Category: DevOps/MLOps/Code

Parallel Processing of Tasks with Python’s Multiprocessing lib

The Python code snippet below uses the multiprocessing library to processes a list of tasks in parallel using a pool of 5 threads.

note: Python also has a multithreading library called “threading”, but it is well documented that Python multithreading doesn’t work for CPU-bound tasks due to Python’s Global Interpreter Lock (GIL), for more info google: “python multithreading gil”.

from multiprocessing import Process, Pool

import itertools
import time


def train(opt, delay=2.0):
    time.sleep(delay)
    return f'Done training {opt}'


# Grid search
grid = {
    'batch_size': [32, 64, 128],
    'learning_rate': [1E-4, 1E-3, 1E-2]
}


def main():
    settings_list = []
    for values in itertools.product(*grid.values()):
        settings_list.append( dict(zip(grid.keys(), values)) )

    with Pool(5) as p:
        print(p.map(train, settings_list))


if __name__ == "__main__":
    main()

Output

[
"Done training {'batch_size': 32, 'learning_rate': 0.0001}", 
"Done training {'batch_size': 32, 'learning_rate': 0.001}", 
"Done training {'batch_size': 32, 'learning_rate': 0.01}", 
"Done training {'batch_size': 64, 'learning_rate': 0.0001}", 
"Done training {'batch_size': 64, 'learning_rate': 0.001}", 
"Done training {'batch_size': 64, 'learning_rate': 0.01}", 
"Done training {'batch_size': 128, 'learning_rate': 0.0001}", 
"Done training {'batch_size': 128, 'learning_rate': 0.001}", 
"Done training {'batch_size': 128, 'learning_rate': 0.01}"
]

Parameter Grid-searching with Python’s itertools

Python’s Itertools offers a great solution when you want to do a grid-search for optimal hyperparameter values, -or in general generate sets of experiments-.

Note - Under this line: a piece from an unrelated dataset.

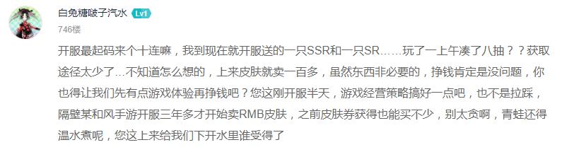但是,也许是停服时间过久,而补偿与开局福利相对其他卡牌游戏来说太少(开服送单抽...),玩家持续在游戏社区表达自己的不满,游戏的TapTap评分很快跌至6分以下。
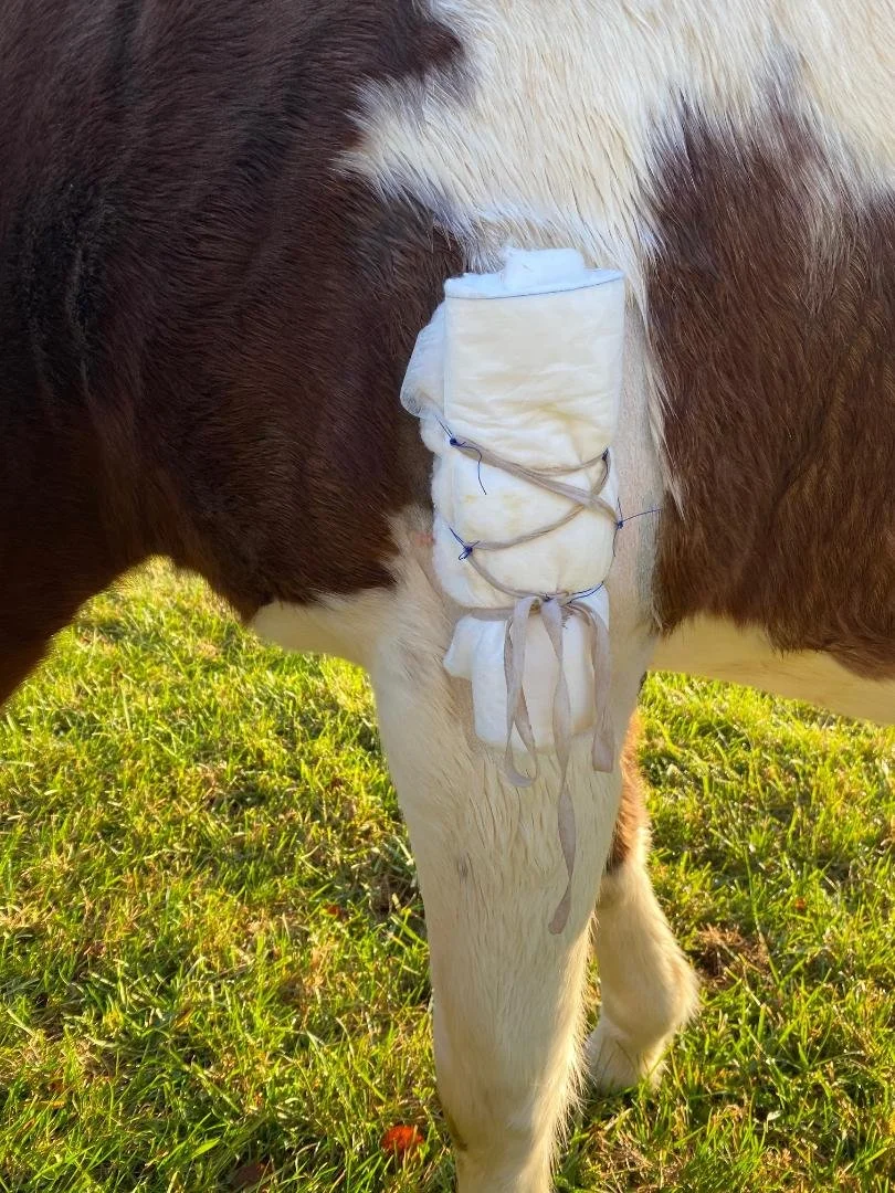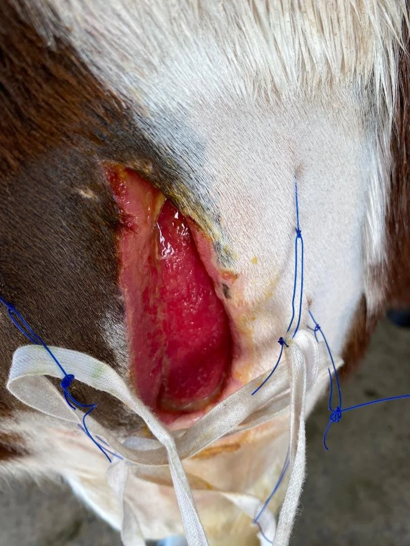 Here is the initial wound. Note the stay sutures placed in the skin. These are used to hold the bandage in place.

In the code fragment below we generate experiment settings (key-value pairs stored in dictionaries) for all combinations of batch sizes and learning rates.

import itertools

# General settings
base_settings = {'epochs': 10}

# Grid search
grid = {
    'batch_size': [32, 64, 128],
    'learning_rate': [1E-4, 1E-3, 1E-2]
}

# Loop over al grid search combinations
for values in itertools.product(*grid.values()):
    point = dict(zip(grid.keys(), values))

    # merge the general settings
    settings = {**base_settings, **point}

    print(settings)

output:

{'epochs': 10, 'batch_size': 32, 'learning_rate': 0.0001}
{'epochs': 10, 'batch_size': 32, 'learning_rate': 0.001}
{'epochs': 10, 'batch_size': 32, 'learning_rate': 0.01}
{'epochs': 10, 'batch_size': 64, 'learning_rate': 0.0001}
{'epochs': 10, 'batch_size': 64, 'learning_rate': 0.001}
{'epochs': 10, 'batch_size': 64, 'learning_rate': 0.01}
{'epochs': 10, 'batch_size': 128, 'learning_rate': 0.0001}
{'epochs': 10, 'batch_size': 128, 'learning_rate': 0.001}
{'epochs': 10, 'batch_size': 128, 'learning_rate': 0.01}